Due to the way the engine works it needs to render a lot of small primitives with frequent state changes.
But due to the performance of buffer uploads it is impossible to upload each primitive's vertices to a buffer separately because buffer uploads nearly always stall the GPU.
On the other hand, in order to reduce the amount of buffer uploads all the necessary state changes would have to be saved in an array until they can finally be used.

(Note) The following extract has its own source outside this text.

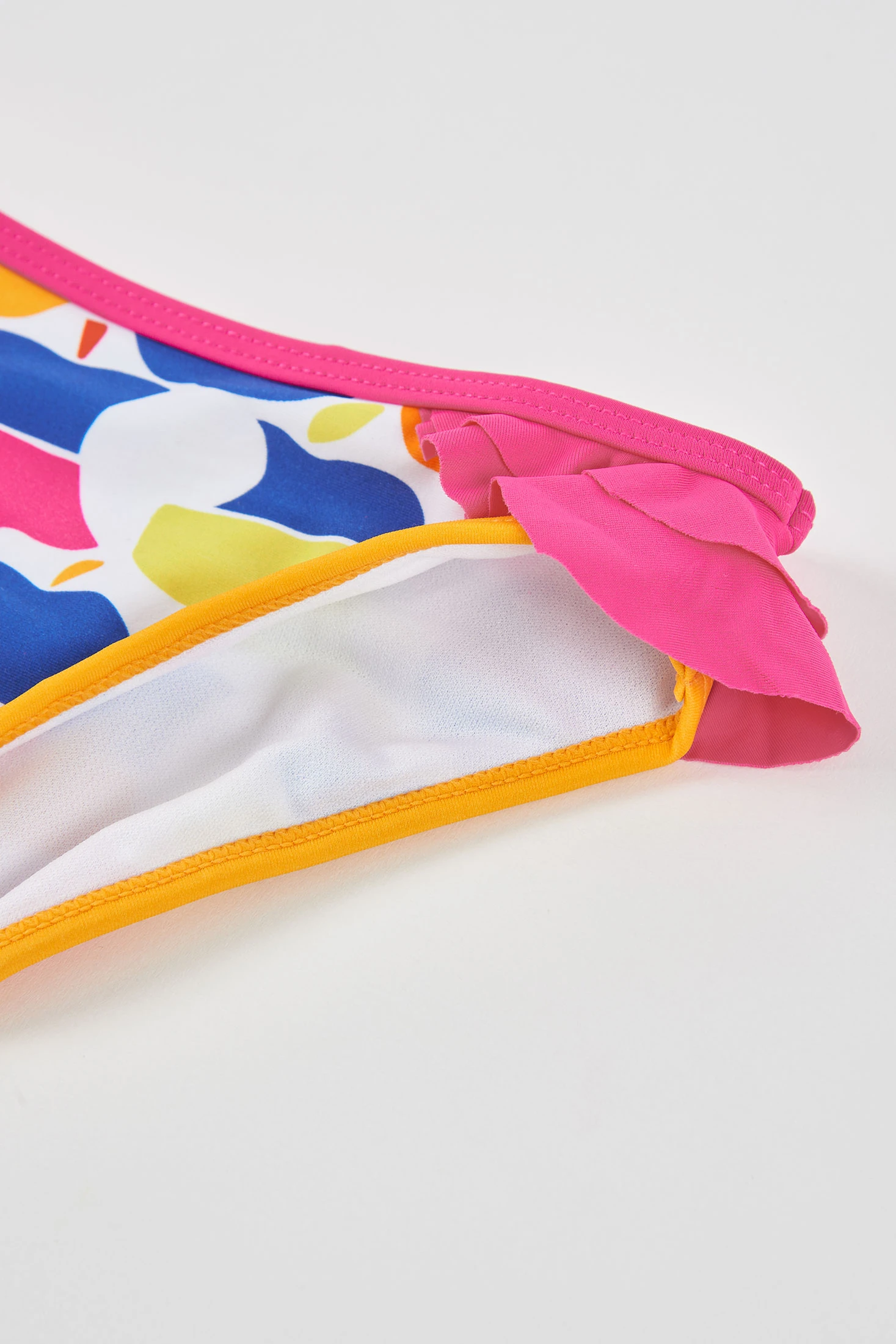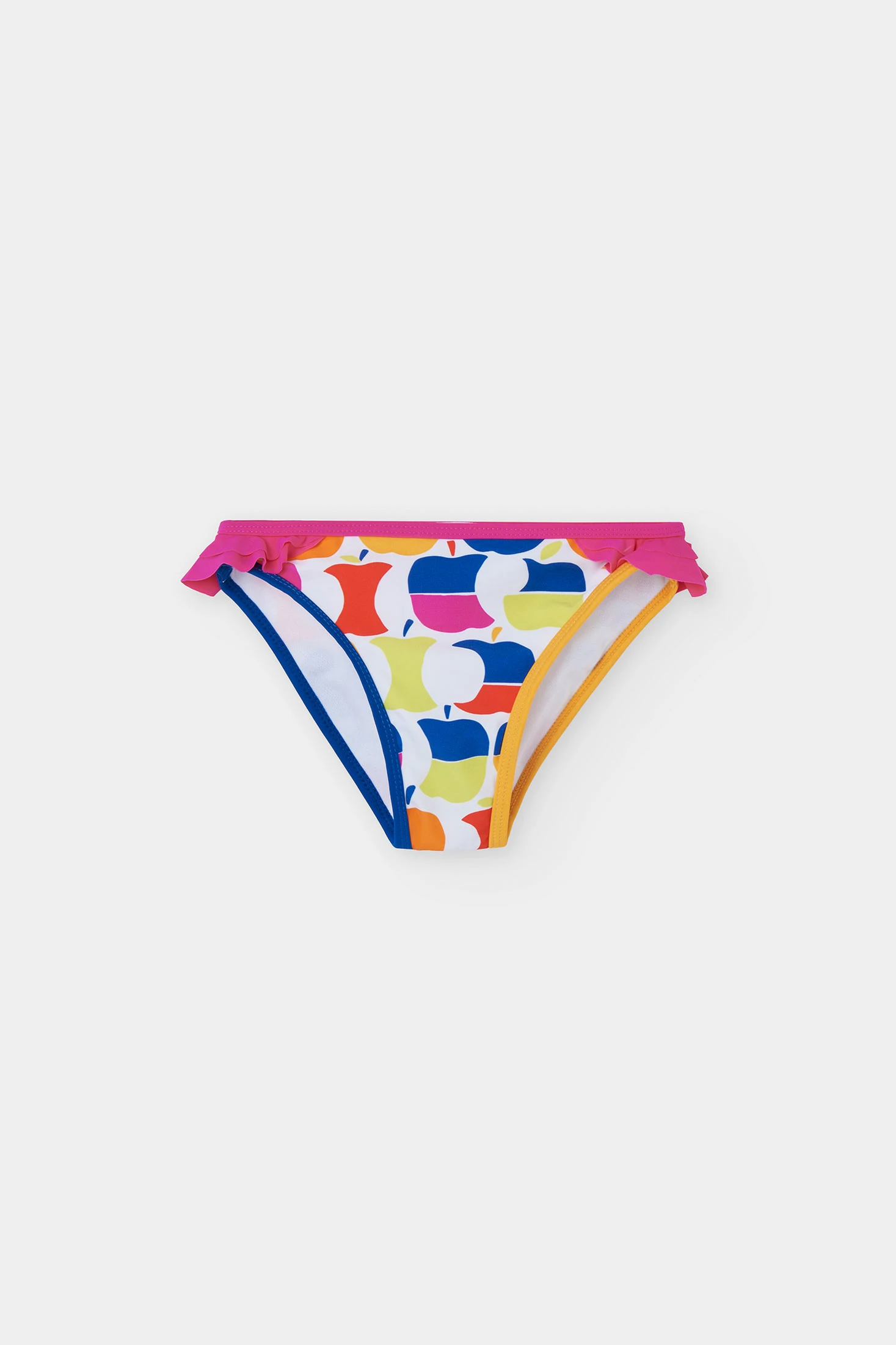 Mädchen-Badeanzug mit zertifiziertem UPF50+-Sonnenschutz, mit einem lebhaften Apfeldruck in Blau, Rosa, Gelb und Rot auf weißem Hintergrund. Die Nähte in Rosa und Tiefblau verleihen dem Design einen lustigen Touch. Aus elastischem Material gefertigt, das Komfort am Strand oder Pool garantiert. Erhältlich in Größen von 12 Monaten bis 14 Jahren für einen sicheren und bequemen Sitz.

This method also imposed an unacceptable overhead.
Fortunately, uploading uniform arrays is very fast and doesn't cause GPU stalls, so now the engine puts the vertex data per primitive into a uniform array and uses a static vertex buffer to index the array in the vertex shader.
This method offers the same performance as immediate mode but only uses core profile features.
After thinking about it for a day or so I believe it's the best option to remove all compatibility code because it's a major obstacle for a transition to a core profile.
This means it won't work anymore on anything that doesn't support OpenGL 4.0, but I don't think this is a problem. On older NVidia cards performance gains could not be seen and on older AMDs using the vertex buffer was even worse as long as it got mixed with immediate mode rendering.
- replaced GLUs texture scaling with our own function. This is only used to scale down textures larger than what the hardware can handle so we do not need a dependency to an essentially deprecated library for it.